Department of Pediatric Cardiology and Pediatric Intensive Care Hannover Medical School Hannover Germany Department of Pediatric Pneumology, Allergy and Neonatology Hannover Medical School Hannover Germany Clinic of Pediatric Kidney, Liver and Metabolic Diseases Hannover Medical School Hannover Germany Department of General, Visceral and Transplantation Surgery Hannover Medical School Hannover Germany.
Liver Transpl. 2022 Sep;28(9):1463-1474. doi: 10.1002/lt.26488. Epub 2022 May 20.
This study aims to evaluate the long-term efficacy and reintervention rate after primary percutaneous portal vein stent angioplasty for portal vein stenosis (PVS) in pediatric liver transplantation (LT) recipients. From 2004 to 2020, a total of 470 pediatric LTs were performed in our center. All cases were screened for interventional PVS treatment and analyzed retrospectively. We identified 44 patients with 46 percutaneous angioplasties for posttransplantation PVS. The median interval from LT to percutaneous catheter intervention was 5 months (16 days-104 months) with a median follow-up (f/u) period after catheter intervention of 5.7 years (2-156 months). In 40 patients, an endovascular stent was placed as primary (n = 38) or secondary (n = 2) intervention. The median age at stent placement was 23 (6-179) months with a median weight of 10 kg (6-46 kg). Technical success and relief of PVS were achieved in all patients irrespective of age or weight. Adverse events occurred peri-interventionally in two patients and were resolved with standard care. All primary portal vein (PV) stents remained patent until the end of f/u. Reinterventions have been successfully performed in 10 patients for suspected or proven restenosis, resulting in a primary patency rate of 75% and an assisted patency rate of 25%. The median time to reintervention was 6.2 years (range 1-10 years). The need for reintervention was independent of age or weight at both transplantation and initial angioplasty as well as of additional risk factors due to portal hypertension. Percutaneous transhepatic PV stent angioplasty in children is safe and effective in all age groups, with excellent long-term patency. Primary stent angioplasty should be considered as first-line treatment for PVS after pediatric LT.

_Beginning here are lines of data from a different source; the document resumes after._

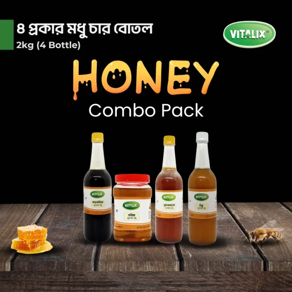 ৪ প্রকার মধু চার বোতলে মোট ২ কেজি মধু থাকবে। এটি একটি হানি কম্ব প্যাকেজ। এই ৪ প্রকার মধুর নাম ও ওজনঃ ৫০০ গ্রাম সুন্দরবনের বক্সের মধু + ৫০০ গ্রাম লিচু ফুলের মধু + ৫০০ গ্রাম সরিষা ফুলের মধু + ৫০০ গ্রাম কালোজিরা ফুলের মধু।
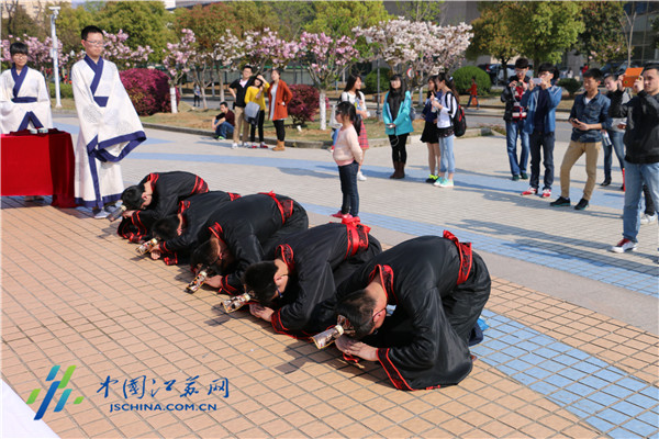 五位身著漢服的學生跪在墊子上,場地北段擺放著香案、香爐,在莊嚴的古琴演奏聲中,受邀嘉賓為幾位同學加冠。“以前聽說過古代男孩二十歲要行冠禮,但是這樣親眼見到是第一次,感覺學到了不少。”圍觀的李同學按捺不住,也想親身感受冠禮。
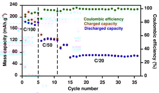 The Li|PPO [TFSI]−70|LiFePO4 shows a good cycling performance, with large charge/discharge capacities ranging from 210 m Ah·g−1 (slightly upper of the theoretical capacity) at C/100 and the initial coulombic efficiency is ~90% (Figure 9). The additional current consumption in charge was attributed to the degradation of the gelled electrolyte. When the current rate was increased to C/50, and then to C/20, the charge and discharge capacity was approximately the same with a better coulombic efficiency. However, the specific capacity was decreased to around 120 m Ah·g−1 then to 70 m Ah·g−1, which corresponds to 40% of the theoretical capacity. This decrease could be correlated to the lower ionic conductivity of the gelled electrolyte, which could induce an additional ohmic resistance and concentration gradients within the electrolyte. Therefore, the charge transfer could be more difficult to the electrodes and the polarization of the cell would be increased. Nevertheless, a good cycle stability was observed at C/20 over 20 cycles with a capacity of around 70 m Ah·g−1.

本研究旨在评估儿童肝移植(LT)受者原发性经皮门静脉支架血管成形术治疗门静脉狭窄(PVS)的长期疗效和再干预率。2004 年至 2020 年,我们中心共进行了 470 例儿童 LT。所有病例均行介入性 PVS 治疗筛查,并进行回顾性分析。我们共确定了 44 例 46 例移植后 PVS 经皮血管成形术患者。LT 至经皮导管介入的中位时间间隔为 5 个月(16 天至 104 个月),导管介入后中位随访(f/u)时间为 5.7 年(2 至 156 个月)。在 40 例患者中,作为原发性(n=38)或继发性(n=2)介入,放置了血管内支架。支架放置时的中位年龄为 23(6-179)个月,中位体重为 10kg(6-46kg)。所有患者均实现了技术成功和 PVS 缓解,无论年龄或体重。有 2 例患者在介入期间发生不良事件,经标准治疗后得以解决。所有原发性门静脉(PV)支架在 f/u 结束时均保持通畅。10 例患者因可疑或证实再狭窄而成功进行了再介入治疗,导致原发性通畅率为 75%,辅助通畅率为 25%。再介入的中位时间为 6.2 年(范围 1-10 年)。再介入的需要与移植时和初次血管成形术时的年龄或体重以及由于门静脉高压引起的其他危险因素无关。经皮经肝 PV 支架血管成形术在所有年龄段的儿童中均安全有效,具有良好的长期通畅率。原发性支架血管成形术应被视为儿童 LT 后 PVS 的一线治疗方法。